= 338th Engineer General Service Regiment =

US army regiment

During World War II, the 338th Engineer General Service Regiment rebuilt the vital port of Livorno (Leghorn), in Northern Italy, in advance of the Fifth United States Army's assault on the German positions in the Po Valley.

The 338th was activated 4 September 1942 at Camp Atterbury, Indiana, and moved to Camp Claiborne, Louisiana, on 15 November 1942.

The regiment departed New York on 28 April 1943 (likely on the SS Santa Rosa) and arrived at Oran, Algeria, on 12 May 1943.

The 338th landed in Italy on 8 February 1944.

Livorno, 300 miles north of Naples on the western coast of Italy, was needed as a supply base for the North Apennines campaign, but the port was the most thoroughly demolished one in the Mediterranean. The Germans had erected barricades, blown bridges, laid mines, and sunk twenty ships to completely seal off the harbor entrances. The Allies also contributed to the destruction; in some 50 raids during the first half of 1944, they dropped more than 1,000 tons of bombs.

Elements of the 34th Infantry Division (United States) captured Livorno on 19 July 1944. The 338th, which had been working on hospitals in Rome, had no experience in port repair, but drew the assignment anyway. Twelve men from the 338th Engineers arrived in the city a few hours later to clear mines from predetermined routes into the port area. Leghorn was heavily mined, and for the first few days little other than mine clearing could be accomplished. As the mine-clearing teams made room, more elements of the 338th arrived, set up quarters, and began preparing a berth for the LST and the LCT carrying construction equipment.

By 26 July, both craft had unloaded. In the meantime, engineers repaired electrical lines and started to restore the municipal water system.

The primary task for the 338th engineers was to reconstruct berths for ships. The 338th received planning aid from several specialists of the 1051st Engineer Port and Repair Group, representatives of the British Navy charged with clearing the waters of Leghorn harbor, and shipowners and contractors who knew the port.

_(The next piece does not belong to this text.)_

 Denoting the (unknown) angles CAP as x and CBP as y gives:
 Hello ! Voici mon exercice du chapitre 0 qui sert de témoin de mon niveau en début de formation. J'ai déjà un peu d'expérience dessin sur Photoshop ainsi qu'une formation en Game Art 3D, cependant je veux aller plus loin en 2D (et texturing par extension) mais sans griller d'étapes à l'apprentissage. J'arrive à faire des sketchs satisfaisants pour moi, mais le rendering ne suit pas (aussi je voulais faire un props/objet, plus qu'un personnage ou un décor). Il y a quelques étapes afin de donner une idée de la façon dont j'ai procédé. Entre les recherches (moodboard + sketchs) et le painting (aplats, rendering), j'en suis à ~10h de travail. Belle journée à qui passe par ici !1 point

Within a month, berths for six Liberty ships had been completed giving Leghorn a capacity of 5,000 tons per day. The goal of 12,000 tons per day was reached by the end of September, as projected.

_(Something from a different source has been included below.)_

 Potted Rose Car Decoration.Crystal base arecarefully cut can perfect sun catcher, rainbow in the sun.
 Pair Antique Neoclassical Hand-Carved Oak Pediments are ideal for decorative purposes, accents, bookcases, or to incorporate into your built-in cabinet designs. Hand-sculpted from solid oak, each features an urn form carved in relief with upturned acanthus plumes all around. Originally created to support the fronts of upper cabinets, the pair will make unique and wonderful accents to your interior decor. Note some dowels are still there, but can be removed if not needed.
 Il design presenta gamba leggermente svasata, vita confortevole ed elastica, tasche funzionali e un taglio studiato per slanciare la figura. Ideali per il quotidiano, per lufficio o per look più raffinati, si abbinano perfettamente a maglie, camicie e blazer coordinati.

As the berths were completed, the 338th turned its attention to rebuilding roads, bridges, hospitals, depots, and camps. Every task required extensive minesweeping. Working together with Italian soldiers and civilians, the engineers were able to amass and distribute the large volume of supplies required.

Assured of a strong supply base in the rear, Fifth Army moved rapidly forward into the Po River valley.

For its accomplishments, the 338th was awarded the Meritorious Service Unit Plaque per General Orders No. 66, Headquarters, Peninsular Base Section, 24 February 1945. The citation was as follows:

"The 338th Engineer General Service Regiment, Peninsular Base Section, for superior performance of duty in the accomplishment of an exceptionally difficult mission in Italy from 17 July 1944 to 30 September 1944. This regiment entered the Port of Leghorn under artillery fire and through extensive mine fields, moved equipment over bombed out roads and bridges, cleared streets and dock areas that were completely blocked by debris from demolished buildings and other structures; removed thousands of enemy mines, built new roads and bridges, repaired utilities, and planned and constructed berthing and unloading facilities in one of the most completely destroyed ports as yet encountered in Italy. The 338th Engineer General Service Regiment by careful planning and proper organi- zation, vigorous prosecution of the work over long hours and exceptional ingenuity and engineering skill placed the Port of Leghorn in operating conditions within six (6) weeks after its capture. The accomplishments of the 338th Engineer General Service Regiment during this period are in the highest traditions of the military service".

The 338th returned to the U.S. at Boston on the Liberty Ship SS Zebulon Pike 8 November 1945 after 2 years, 6 months, and 10 days overseas.

The 338th was inactivated at Camp Myles Standish, Mass., on 9 November 1945.